AARON ZIMMERMAN

First-place winners in a T-shirt designing contest were Robert Young of Milton High School; Valerie Gibson of Barboursville High School, and Aaron Zimmerman of Huntington East High School. Two other first place winners, not pictured are Glenn Taylor of Huntington High School and Michael Ball of St. Joseph's High School.




Learning Environment
Kids learn to recycle reuse and reduce
By Kenneth R. Blake, The Herald Dispatch


Cabell County school kids are learning the three R's of managing Mother Earth's resources thanks to an effort by the county solid waste authority.

The authority used state grant money to fund a host of educational programs aimed at teaching kids to recycle, reuse and reduce garbage instead of just throwing it all away.

"I think education starts with the little people," said Fran Norton, who helped organize the educational effort for the authority.

"They bring it home. They are the ones who are going to bring the message home to their parents and make their parents aware of things."

Using money from the $30,000grant, the authority sponsored a T-shirt design contest for county 12th-graders. The contest offered $100 first prizes and $50 second prizes for the designs that best promoted recycling.


Seventeen-year-old Aaron Zimmerman, a senior at Huntington East High School, won one of five first-place prizes in the T-shirt contest for a design bearing a picture of the planet puckering up for a smooch and the message, "Recycle! Mother Earth will kiss you for it."

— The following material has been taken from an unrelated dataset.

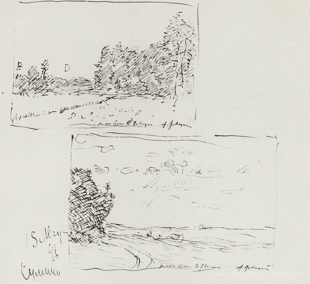 Wir bieten Ihnen eine handgefertigte Reproduktion auf Leinwand des berühmten Kunstwerks 'Waldrand, Aufgang des Mondes / Waldrand, Sonne hinter den Wolken' von Isaac Levitan, aus dem Reproduktionsmuseum.
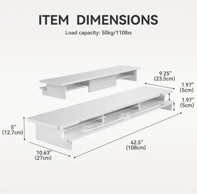 Built to Last with Premium Materials Crafted from high-density MDF panel, this monitor riser offers a sleek, modern look while supporting up to 110 lbsideal for dual monitors, all-in-one PCs, or heavy displays

"The whole environmental movement- I wasn't really very conscientious about it when I first heard about the contest. But I think it's something everyone should take part in," said Zimmerman, who plans to go to art school after graduating.



Fellow first-place winner Robert Young, an 18-year-old senior at Milton High School, said the contest reinforced his concern for responsible management of the earth's resources.

Also interested in art, he creates collages using recyclables. "I first got into it last year. I was noticing that there was so much waste- people just throw stuff away when it could be put to good use."

The authority also sponsored an essay contest for ninth-graders and a poster contest for sixth-graders. Winners in all three contests will receive their cash prizes during Earth Day events scheduled Saturday in Ritter Park.

In addition to the contest, the authority bought recycling books for every second-, third-, and fourth-grade student in the county.

Also, every third-grade student received a cassette tape of "recycled songs" that replace the lyrics of familiar tunes with new lyrics that explain the importance of recycling and environmental awareness.

The authority also bought a television and videocassette recorder combination and "Earth at Risk" videotapes for the county library and its branches.

The libraries will use the VCRs and tapes to set up environmental research departments. More tapes and books will be added as funds become available.

Finally, the authority ordered an Environmental Jeopardy game for each sixth-grade classroom in the county, bought U.S. Environmental Protection Agency comic books to be handed out on Earth Day and is working with Barboursville High School on a play called "To save Mother Earth" written by Barboursville student Shelley Beaver and produced by volunteer Lee Ann Beckett of Pea Ridge.

"Our Earth and its resources are the legacy we leave all our children," Norton said. "In order for them to walk securely into the future these same children need to know how to manage that Earth so that it can continue to support life as it has in the past.

"Teaching them the three R's- recycle reuse and reduce- will give them the knowledge they need to manage the Earth and its resources."